Before copying, remove every picture, and then repeat all entries below precisely as written.

++++ Input for this task ++++

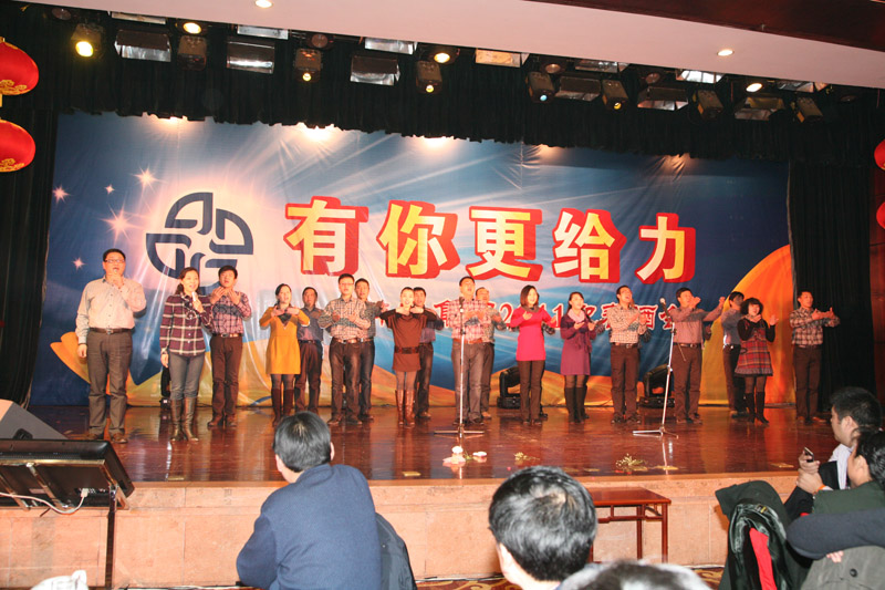 酒會(huì )上,公司表彰了2010年度6名創(chuàng )新標兵和32名敬業(yè)模范,公司領(lǐng)導分別為敬業(yè)模范頒發(fā)證書(shū)和獎金,張孝成副市長(cháng)為創(chuàng )新標兵頒發(fā)證書(shū)、獎金并致辭,肖超秘書(shū)長(cháng)、創(chuàng )新標兵及敬業(yè)模范抽出19名幸運的獲獎員工,為大家呈上了精神大餐和物質(zhì)大餐;著(zhù)名喜劇表演藝術(shù)家陳佩斯領(lǐng)銜主演的話(huà)劇《雷人晚餐》在蚌埠大劇院隆重上演,員工們在酒會(huì )上獻出精彩紛呈的歌舞表演,為集團員工及珠城人民奉上文化大餐。與會(huì )人員舉杯同飲,共慶農歷新年的到來(lái)。
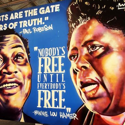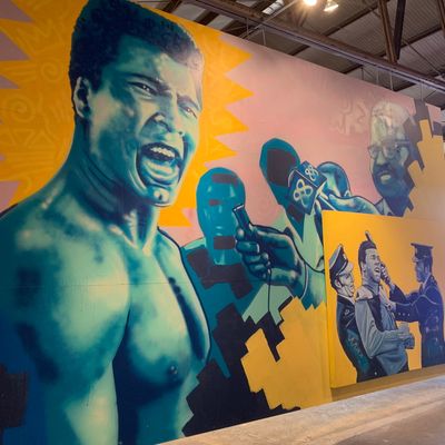 Expansive art gallery housed in a warehouse space. It features powerful and moving works that amplify the Black experience in America, focusing on themes of social justice, history, and expression.
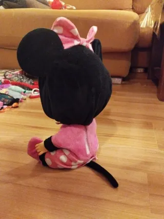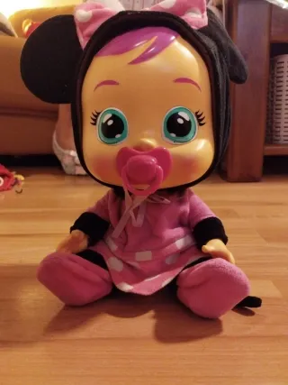 Muñeca bebé llorón con un adorable diseño. - Incluye chupete rosa. - Vestido rosa con lunares blancos y detalles negros. - Orejas de Minnie Mouse.
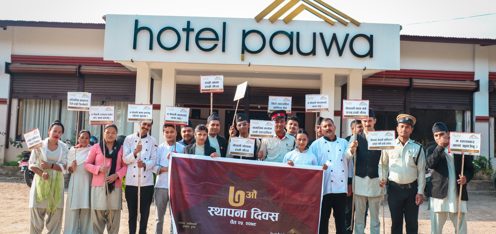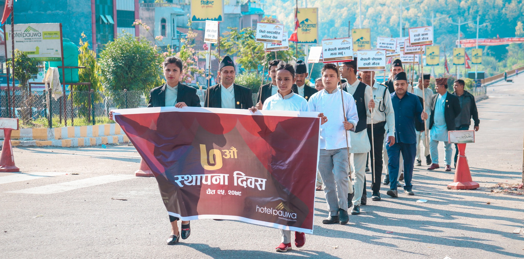 स्थापना दिवस मनाउन पौवामा आवद्ध कर्मचारी, लगानीकर्ता र शुभचिन्तकहरु नेपाली खना हाम्रो गौरव, नेपाली खानामा नेपाली उत्पादन प्रयोग गरौं, नेपाली पोशाक हाम्रो पहिचान, म नेपाली खाना मन पराउँछु, म नेपाली उत्पादन प्रयोग गर्छु जस्ता नारा लेखिएका प्लेकार्ड बोकेर प्रभातफेरिमा निस्केका थिए ।
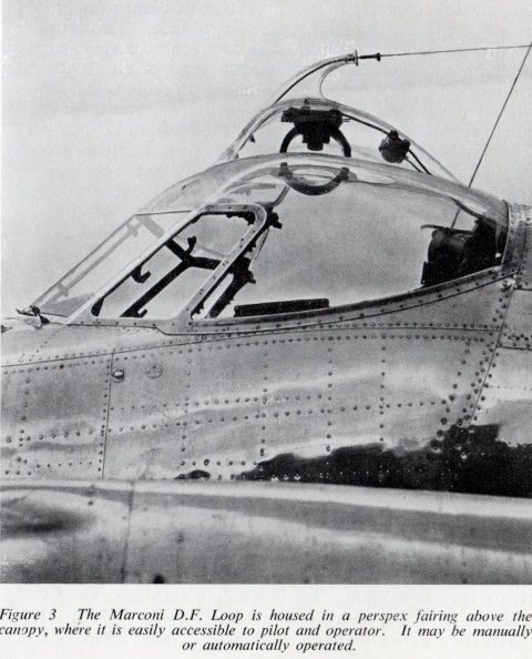 ループアンテナを格納し、手でまわせるようにコックピットの上に設計されたのでした。垂直尾翼先端に向かって張る短波アンテナのために角を取り付けています。
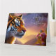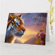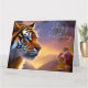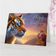 Blaue Mit Augen Tiger und rosa Blume Karte
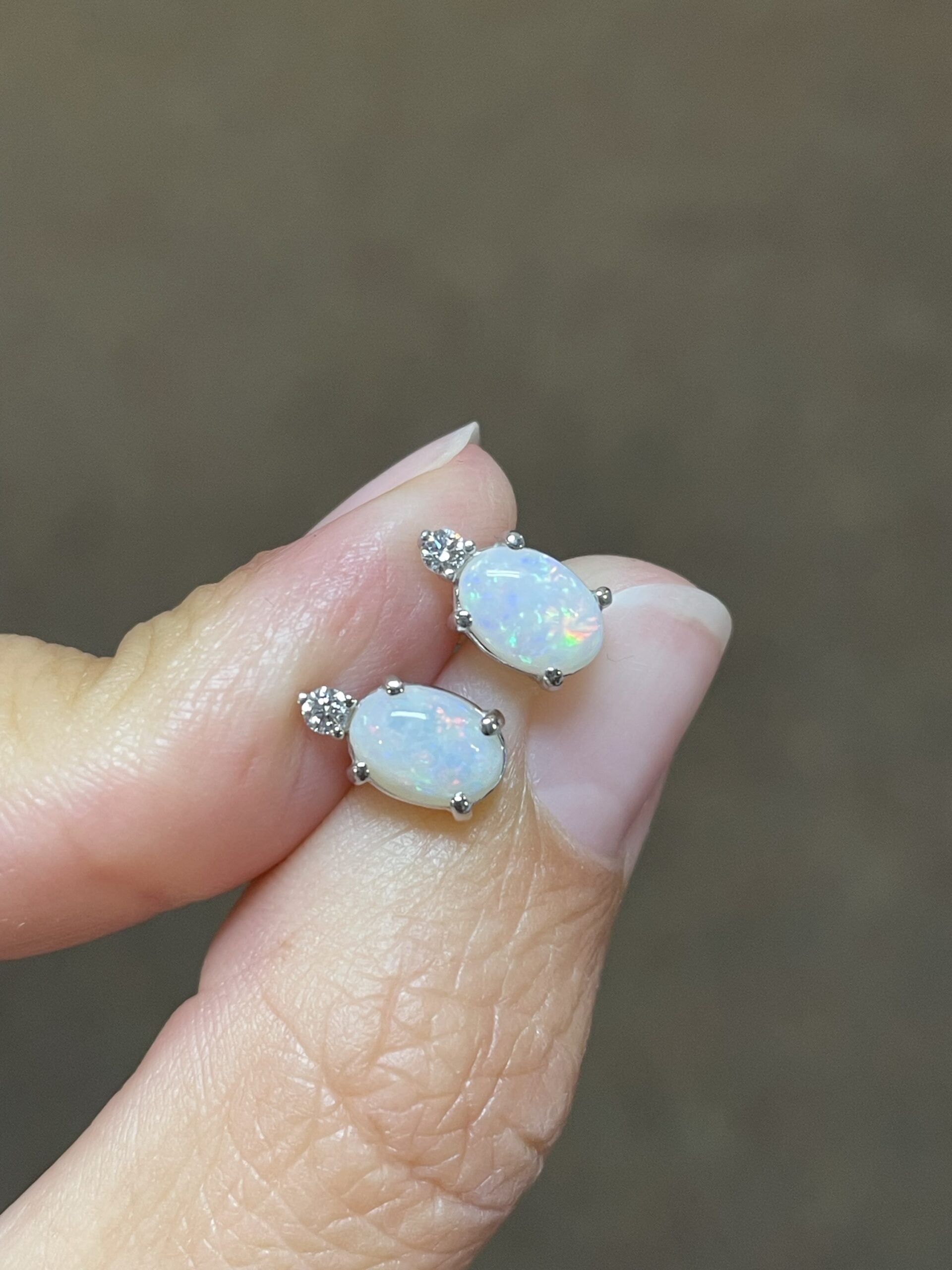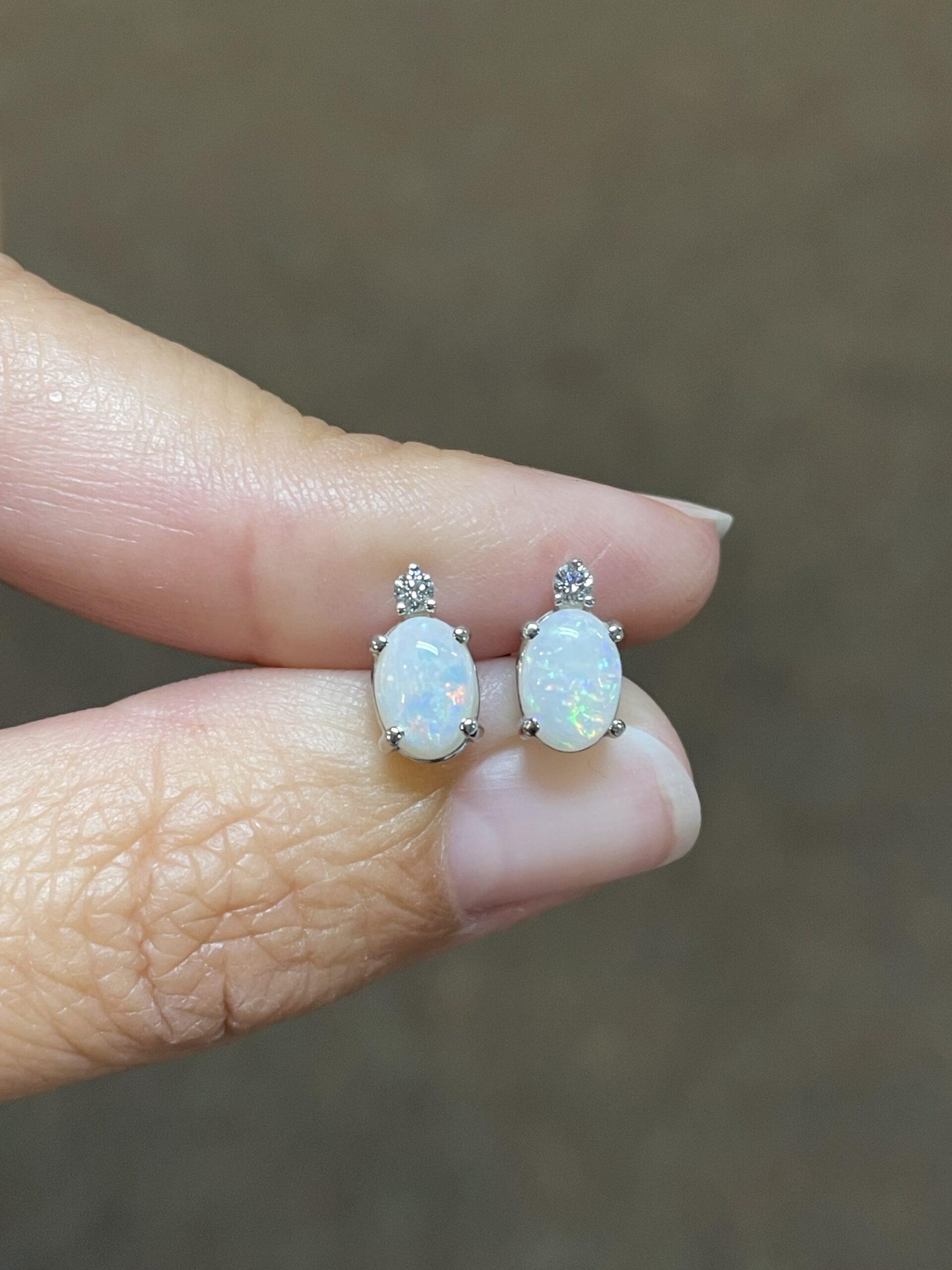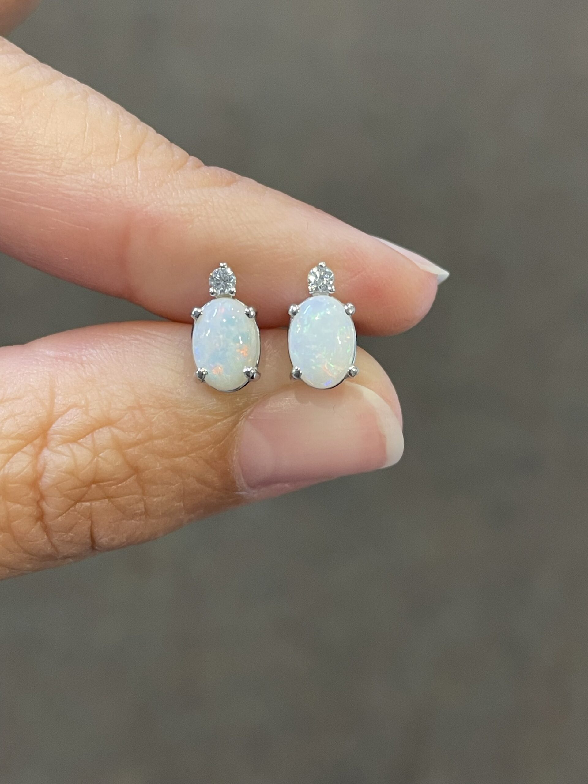 14k white gold basket set genuine oval shaped .94 cttw Opal (October birthstone) & .06 cttw Round Brilliant Cut diamond stud earrings. These earrings have an entire weight of 1.2 grams. These earrings measure 9 x 5 mm in size.

++++

Task solution:
 酒會(huì )上,公司表彰了2010年度6名創(chuàng )新標兵和32名敬業(yè)模范,公司領(lǐng)導分別為敬業(yè)模范頒發(fā)證書(shū)和獎金,張孝成副市長(cháng)為創(chuàng )新標兵頒發(fā)證書(shū)、獎金并致辭,肖超秘書(shū)長(cháng)、創(chuàng )新標兵及敬業(yè)模范抽出19名幸運的獲獎員工,為大家呈上了精神大餐和物質(zhì)大餐;著(zhù)名喜劇表演藝術(shù)家陳佩斯領(lǐng)銜主演的話(huà)劇《雷人晚餐》在蚌埠大劇院隆重上演,員工們在酒會(huì )上獻出精彩紛呈的歌舞表演,為集團員工及珠城人民奉上文化大餐。與會(huì )人員舉杯同飲,共慶農歷新年的到來(lái)。
 Expansive art gallery housed in a warehouse space. It features powerful and moving works that amplify the Black experience in America, focusing on themes of social justice, history, and expression.
 Muñeca bebé llorón con un adorable diseño. - Incluye chupete rosa. - Vestido rosa con lunares blancos y detalles negros. - Orejas de Minnie Mouse.
 स्थापना दिवस मनाउन पौवामा आवद्ध कर्मचारी, लगानीकर्ता र शुभचिन्तकहरु नेपाली खना हाम्रो गौरव, नेपाली खानामा नेपाली उत्पादन प्रयोग गरौं, नेपाली पोशाक हाम्रो पहिचान, म नेपाली खाना मन पराउँछु, म नेपाली उत्पादन प्रयोग गर्छु जस्ता नारा लेखिएका प्लेकार्ड बोकेर प्रभातफेरिमा निस्केका थिए ।
 ループアンテナを格納し、手でまわせるようにコックピットの上に設計されたのでした。垂直尾翼先端に向かって張る短波アンテナのために角を取り付けています。
 Blaue Mit Augen Tiger und rosa Blume Karte
 14k white gold basket set genuine oval shaped .94 cttw Opal (October birthstone) & .06 cttw Round Brilliant Cut diamond stud earrings. These earrings have an entire weight of 1.2 grams. These earrings measure 9 x 5 mm in size.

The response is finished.